Obtaining high seed yield per unit is one of the most important challenges in G. hirsutum breeding. Several agronomic traits are important for improving yield traits. Boll weight is the second major yield component and has a greater contribution to the enhancement of seed cotton yield. A similar proportion and variation for boll weight concerning the cottonseed yield was observed by Khan (2003) and Copur (2006). For yields and other economic characters, Zhou and Zhang (2006) and Meena et al. (2007) assessed various G. hirsutum varieties, significant variations were observed for boll weight and the effect on cottonseed yield was positive. The correlation results showed that bending lower (BL) and compression upper (CU) have a positive correlation with BW, GP, and FEPB. Batool et al. (2010) and Makhdoom et al. (2010) also stated that boll weight was positive for yield and it had a higher contribution to the yield improvement for upland cotton. Results also revealed that the boll weight following the bolls per plant had a positive effect on seed cotton yield. Therefore, it is concluded that boll weight is an important yield component and should be kept in mind while breeding for seed cotton yield.

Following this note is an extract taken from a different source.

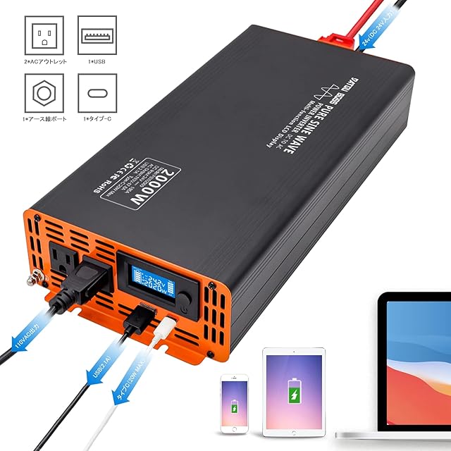 DATOUBOSS インバーター 正弦波 24V 2000W 純正弦波 インバーター DC 24VをAC 100Vに変換 3口出力ソケット×2、USBソケット×1、Type-C×1 カーインバーター, 最大4000W LCD液晶ディスプレイ リモコン付き (2000W-24V)

Numerous characteristics affect the final yield of cotton as well as quality attributes. This study measured stem hardness and agronomic characters of a diverse set of cotton accessions to assess their variability and inter-relationships. Stem hardness may have a direct effect on yield by reducing stem lodging and an indirect effect on fibers because of possible shared pathways in strengthening cell walls.

Conclusions

An evaluation of 237 accessions of the Chinese Cotton Germplasm Collection for stem hardness and agronomic characters showed sufficient variation to enable selection to improve several of these traits for cotton improvement. The data suggests inter-relationships among several traits and may simplify the improvement of multiple traits at once. Of most interest was the data suggesting relationships between stem hardness and fiber quality traits. Selection for stem hardness may improve yield by reducing losses due to stem lodging and improve fiber characteristics because of the possible sharing of pathways in strengthening cell walls of both structures. These analyses greatly simplify the breeder’s selection of germplasm from a large collection and may speed up favorable gene accumulation in breeding schemes like recurrent selection for these traits. Also, the phenotypic data for stem hardness may be used in our subsequent genome-wide association studies for G. hirsutum.